University of California San Diego researchers have developed a 3D spatial visualization tool for mapping "'omics" data onto whole organs. The details about this tool appear in yesterday's Cell Host & Microbe.
"Our understanding of the spatial variation of the chemical and microbial make-up of a human organ remains limited," said Pieter Dorrestein, Ph.D. "This is in part due to the size and variability of human organs, and the sheer amount of data we get from metabolomics and genomics studies."
To address this issue, Dorrestein's team developed an open-source workflow for mapping metabolomics and microbiome data onto a 3D organ reconstruction built from radiological images.

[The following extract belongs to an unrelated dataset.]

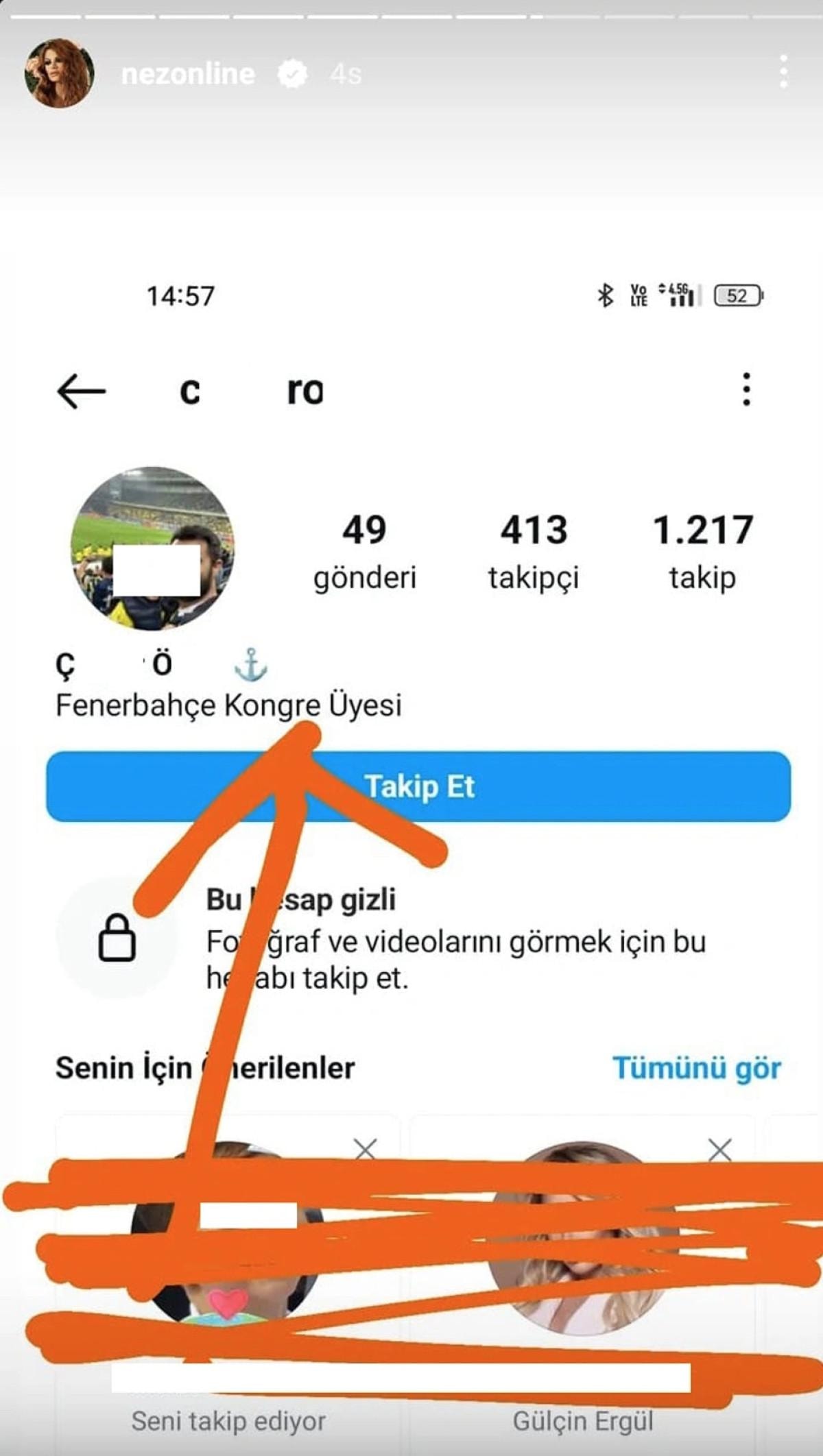Fenerbahçe kongre üyesi olduğunu iddia eden bir kişi, Nez'e “3 bi -4 bin dolara neler olabilir mesela Nez Hanım” şeklinde mesajlar attı.
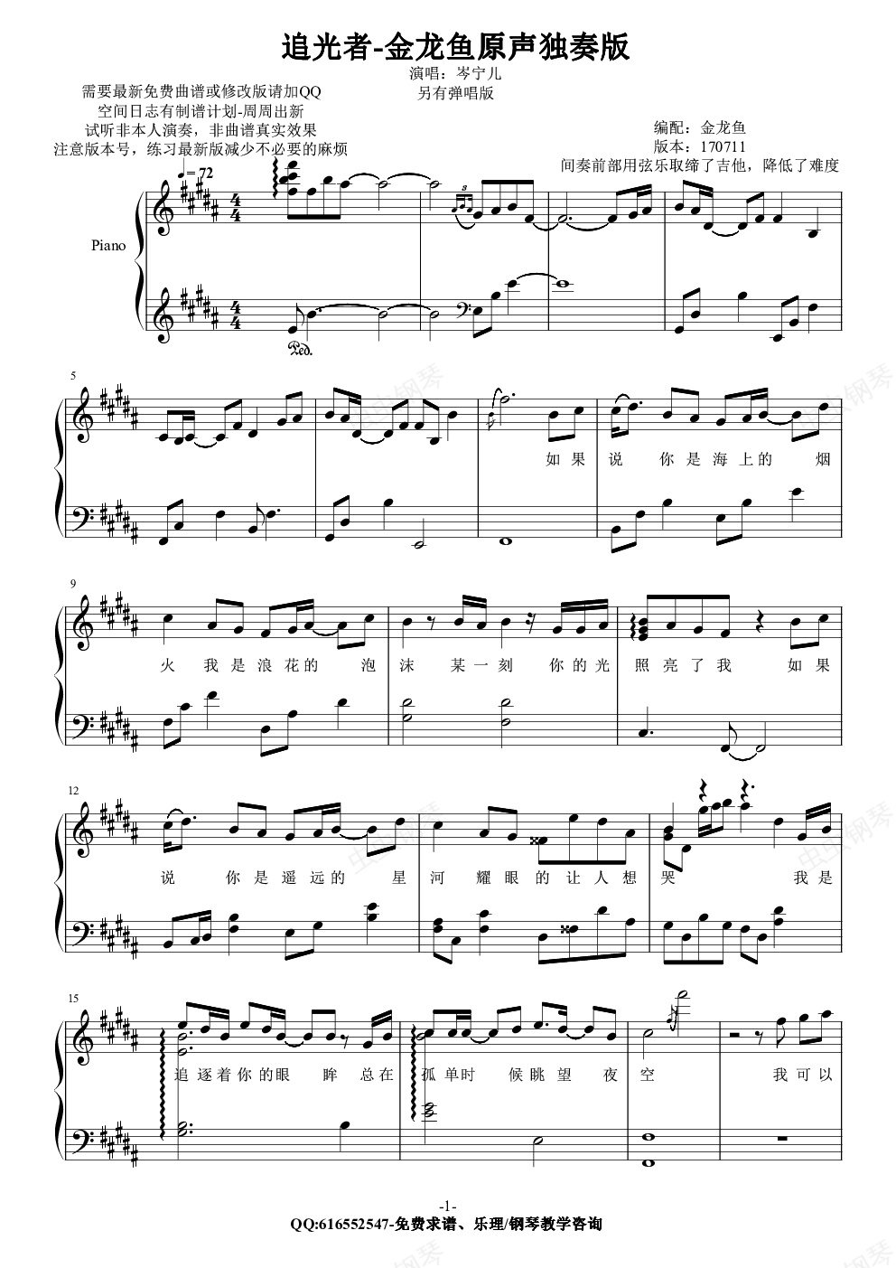 独奏谱-版本说明 特别说明:本人放出的所有钢琴谱均完整上传至曲谱分享网站,并定时更新,不以琴谱做任何牟利(除本人原创音乐以外) 编写曲谱和完整放出的目的是为了同广大琴友学习交流钢琴演奏、音乐理论等问题…… 对此独奏谱有:转调、简化、速成等需求的请加 免费扒谱编配请加QQ,人多需要排队,但不会收费 放出的独奏谱中有本人弹奏时为了方便自己弹奏或者为达到更好个人弹奏效果而做改动, 具体求谱、写谱、谱面等问题的详细说明请参考QQ空间日志 放出为大家分享,金龙鱼所有曲谱(除原创)不用作商业用途,仅供大家弹奏时参考用 固定每周出新 再次特别声明,本人放出只是为了交流学习,觉悟他求!从求谱到制谱发布中间没拿过一分钱,希望别有用心之人看清楚 。。。。。。以后的修改版都会在QQ放出版本修改的具体内容,欢迎大家查阅 设置版本号以及不停的改版给大家的练习带来烦恼,本人对此表示抱歉 但是,人都是在不停学习进步的,随着学习和实践的深入,我对我以前的谱子会有新的想法,以前谱中出现的错误得以在知识丰满后修正,这是对所有人的尊重, 希望大家谅解,这么做的目的也是源于本人放谱的目的:为了学习交流,为了促使自己的进步

First, the researchers obtained a lung from a patient that was affected by cystic fibrosis (CF) and sectioned it. They looked at the presence of bacteria, their metabolites, virulence factors, and any medications given to the patient during treatment. Next, they modified an existing Google Chrome extension to visualize the microbiome and metabolome distributions on an entire organ. To visualize the localization of bacteria and molecules, the team used CT scan images of a human lung and generated a 3D model. Using the "omics" data they had from the cystic fibrosis lung, they were able to impose that data onto the 3D lung.
"We could see that one of the antibiotics administered to the patient prior to collecting the tissue did not penetrate the bottom of the lung—a phenomenon that has not been observed before," said Neha Garg, Ph.D. "This correlated with a higher abundance of the cystic fibrosis-associated pathogen Achromobacter. Thus, different drugs may differentially penetrate the lung, limiting exposure to effective dosage. Our tool allows researchers and clinicians to visualize this significant clinical concern within a human organ for the first time. This has implications for treatment of CF and other diseases."
The researchers have created open-source maps of other molecules and microbes as a resource that scientists researching cystic fibrosis and other lung-associated diseases.
"As future studies unravel more about the microbiome and metabolome, their spatial visualization will provide a means to infer their biological significance," said Dorrestein.